The standards for the general cleanliness of schools are enforced by numerous different acts, including those as follows:

• The Workplace (Health, Safety and Welfare) Regulations 1992 – the standards for the majority of workplaces to adhere to, including academies, schools and sixth form colleges.

• School Premises (England) Regulations 2012 – setting the standards for schools throughout England to adhere to concerning their premises.

• Education (Independent Schools Standards) (England) Regulations 2010 – amended in 2013 to mirror much of the School Premises (England) Regulations 2012.

These acts listed above, along with many more, help to maintain the health and safety of all those within an educational facility, including the cleanliness and hygiene of its environment.

Through these and other government regulations, all furnishings must be kept at a sufficiently clean level, with waste only being allowed to build up in the appropriate disposal facilities, e.g. bins.

Dirt and other waste should also be cleaned from inappropriate areas (e.g. non-disposal areas) every day. Floors should also be cleaned weekly at the very least, and spillages or other dirtying of surfaces cleaned when necessary. The way in which cleaning is conducted throughout the school must also not pose a risk to those within it.

Other related health and safety standards

Aside from the general cleaning regulations educational facilities must adhere to, there are also other health and safety standards promoting the levels of hygiene within schools, including the regulations surrounding educational washroom facilities.

For student toilet and washroom environments, schools and other educational facilities must have both male and female washrooms for students aged eight or over, and these facilities must be separated.
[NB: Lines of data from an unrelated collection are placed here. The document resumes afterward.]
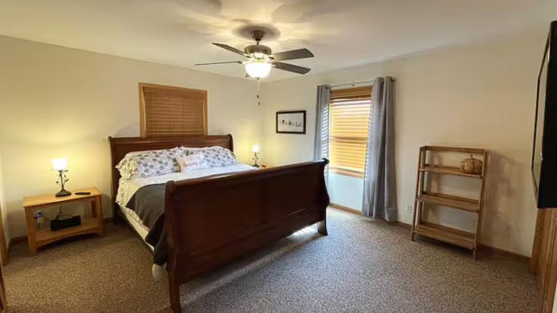 Cozy countryside escape with private whirlpool tub, 3 queen bedrooms and kitchen in Wisconsin Dells.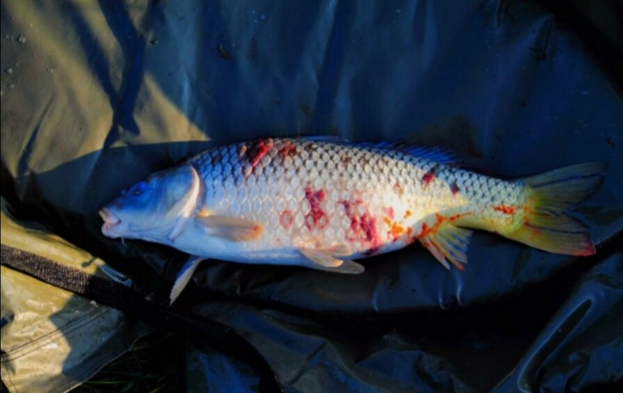 Поверхность тела и чешуя у больной рыбы - блеклые, а глаза, зачастую, мутноватые. Порой на поверхности тела больных рыб можно заметить бугры, куски кожи, язвы, рубцы, а при поражении инфузориями кожа рыб покрыта слизью, как голубой вуалью. Как правило, больные рыбы плавают медленно и вяло, чаще на боку или к верху брюхом. Очень часто они плавают вблизи берега, то пытаются опуститься вглубь, то вновь поднимаются на поверхность, то глотают воздух, то выполняют в толще воды хаотичные, похожие на круговые движения. Поймать подобных рыб голыми руками не составит труда. В водоемах, где вода загрязнена, недостаточно насыщена кислородом, содержит много микробных или паразитарных возбудителей, обнаруживается много погибшей рыбы на плесе или у берегов водоема.
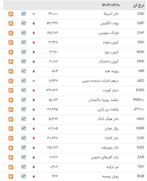 امروز پنج شنبه (10خرداد ماه) نرخ هر پوند 53 هزار و 392 ریال و یورو 45 هزار و 407 ریال اعلام شد.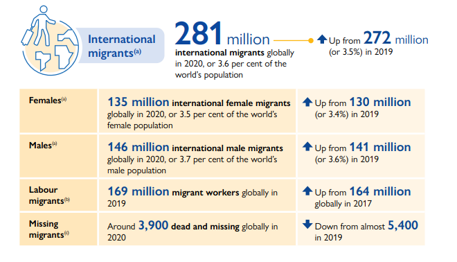 總體而言,全球移民人數在過去50年里不斷增加。盡管 COVID-19 對全球流動性造成了干擾,2020年仍有近2.81億人居住在非出生國,比2019年(2.72億)多出900萬人,比1990年(1.53億人)多出約1.28億人,是1970年(8400萬人)的三倍多。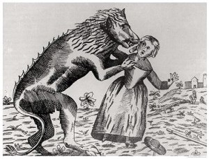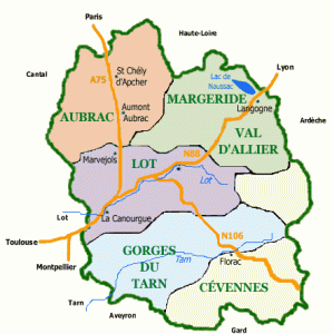 J’ai pu ainsi parcourir en partie l’an dernier des régions sauvages, splendides, situées un peu hors du temps – la Margeride, le Gévaudan, l’Aubrac, la vallée du Lot, le Rouergue – territoires isolés où foisonnent encore une multitude de mythes et de récits, récits parfois terrifiants, comme celui de la « Bête du Gévaudan », un loup féroce qui au milieu du 18è siècle terrorisait et dévorait les villageois dans un secteur compris à présent dans le département de la Lozère…

The only exception to this is when the school provides a toilet facility that can be locked from the inside, and is only to be used by one student at any given time.

Washing facilities must also have soap, both hot and cold running water, and towels or hand dryers. These washing areas must also be kept in a good condition, being clean, well ventilated with sufficient lighting.

By ensuring that these standards are implemented and maintained, educational facilities can help to promote health and safety throughout their schools, providing a better working and learning environment for all those within it.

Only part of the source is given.